Priceline.com Inc (PCLN) is expected to earn $16.22 per share for its third quarter this year, which would be a 31% increase versus the $12.40 the company earned in the same quarter a year ago. Priceline has been one of the strongest momentum stocks over the past 5 years. In recent news the company announced a partnership with Schedulicity to power its newly launched feature to book travel. The partnership will give over 7 million Schedulicity consumers access to hotel, airline and rental car services through the Priceline Partner Network. The stock is up 76% YTD and expectations will be high going into earnings. Is PCLN still a buy at current levels before earnings?
Shares of PCLN have been on a steady rise, but trading below the all-time highs made a few weeks ago.
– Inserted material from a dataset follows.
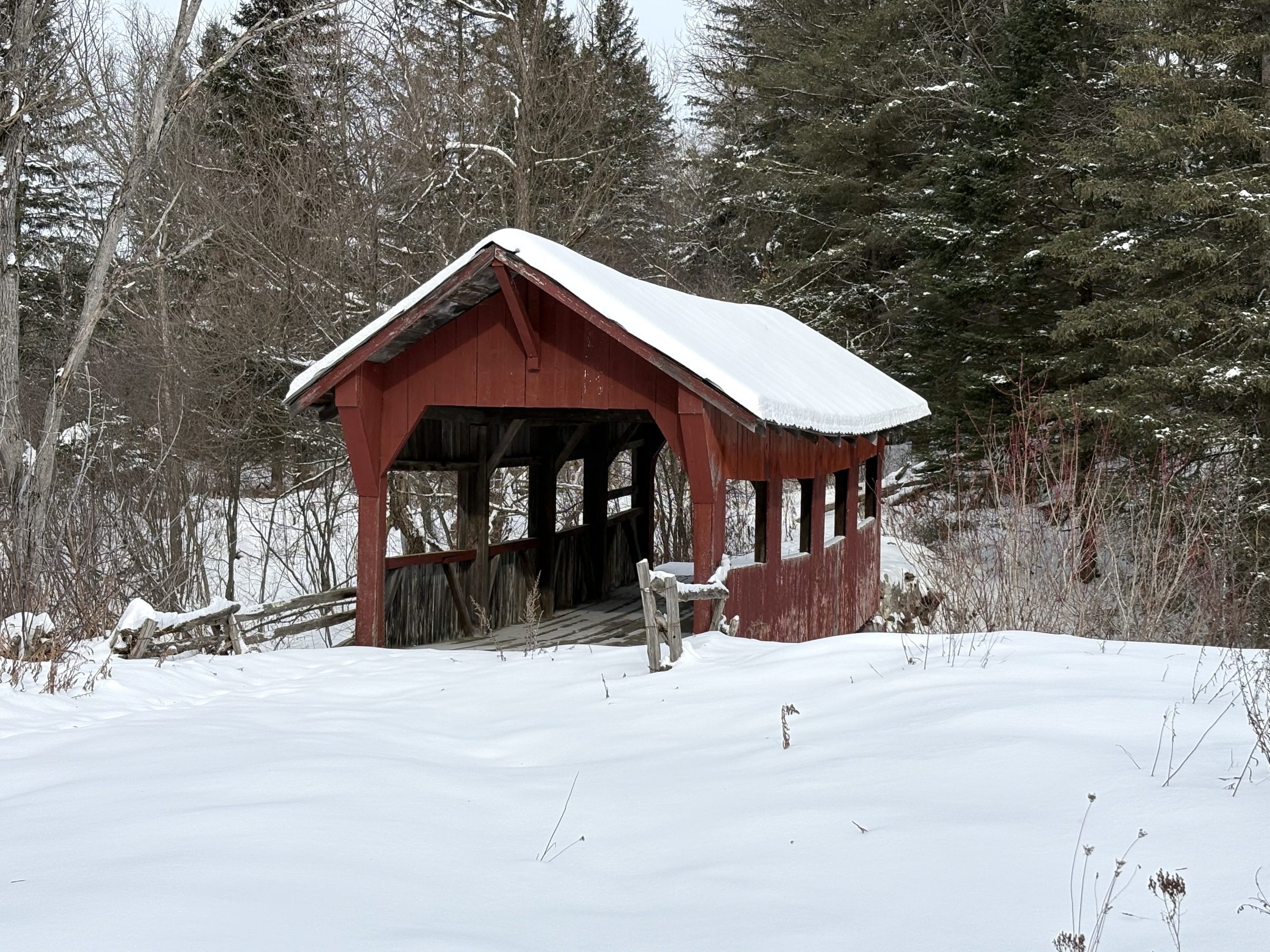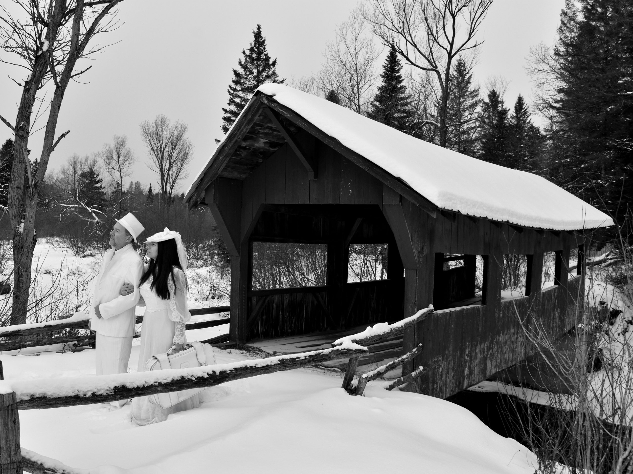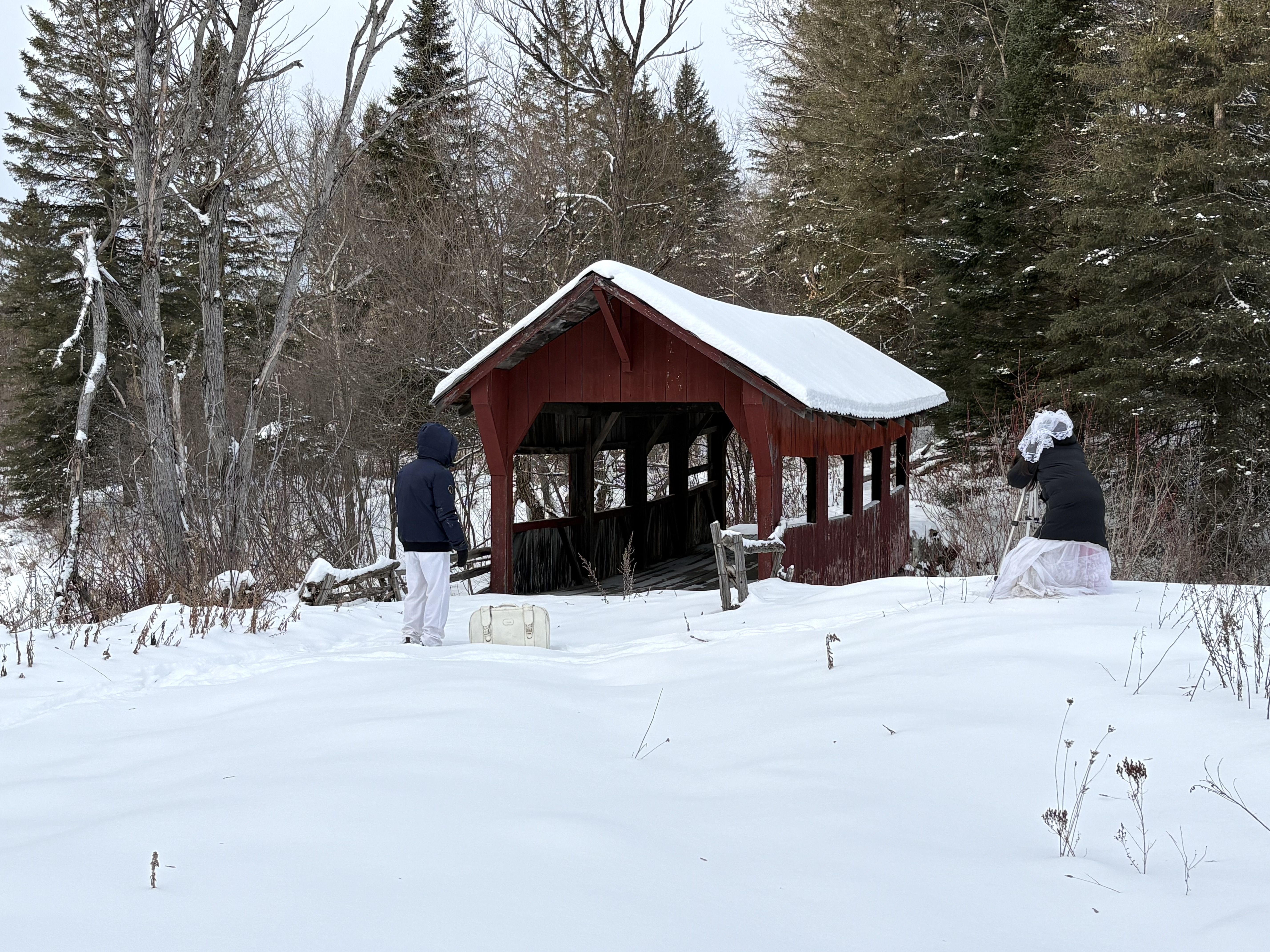 Le projet photographique Témoins de notre histoire s’est terminé en juillet 2023 avec l’ultime mise en scène au pont Émile-Lapointe. Pour l’artiste Sylvie Crépeault, c’était le dernier mariage puisque tous les ponts couverts avaient été visités. La seule structure qui avait été écartée du projet est le pont Edward. Il y avait deux raisons pour cela. D’abord, le pont ne dessert plus le réseau routier et il a été reconstruit en utilisant le bois d’un pont couvert emporté par les glaces en 1964. Ensuite, comme il a été reconstruit au Village Canadiana de Rawdon, site fermé au public depuis plus de 30 ans, il n’était pas vraiment accessible. Mais depuis un an tout ceci a changé car le village ouvre à l’occasion pour des évènements spéciaux. Pendant deux week-ends de décembre, un incroyable festival de Noël s’est tenu au village historique. C’était donc l’occasion idéale de ressuciter le projet. Que de plaisir nous avons eu à replonger dans l’aventure… C’était un beau défi avec la neige et le froid et cela donne un cachet bien particulier à la photo retenue. Je joins dans la galerie des photos prises le 7 décembre lors de notre passage à Rawdon. Si tout se passe bien, il est prévu d’ouvrir à nouveau le Village Canadiana au public au courant de l’année. Et pour ce qui est du projet Témoins de notre histoire, tout n’est pas réellement fini car de très bonnes nouvelles sont à venir. Le blogue prend une petite pause pour le temps des Fêtes et sera de retour au début du mois de janvier avec le célèbre bilan annuel. J’en frofite pour souhaiter un Joyeux Noël et une très bonne année 2026 à tous les lecteurs.

Right now, the stock is sitting in the middle of a channel according to our real time trading report for PCLN, so it does not look attractive as a buy ahead of earnings. By definition we prefer to buy near support levels when they are tested because that allows us to maximize our return, our target is resistance, and we want to get the complete oscillation from support to resistance, but it also helps us control risk, which is very important when you're dealing with a momentum stock like PCLN. When stocks are in the middle of a channel like this one they become less attractive, from a risk control perspective, especially ahead of an earnings report. We would advise using patience and looking for a better opportunity near support.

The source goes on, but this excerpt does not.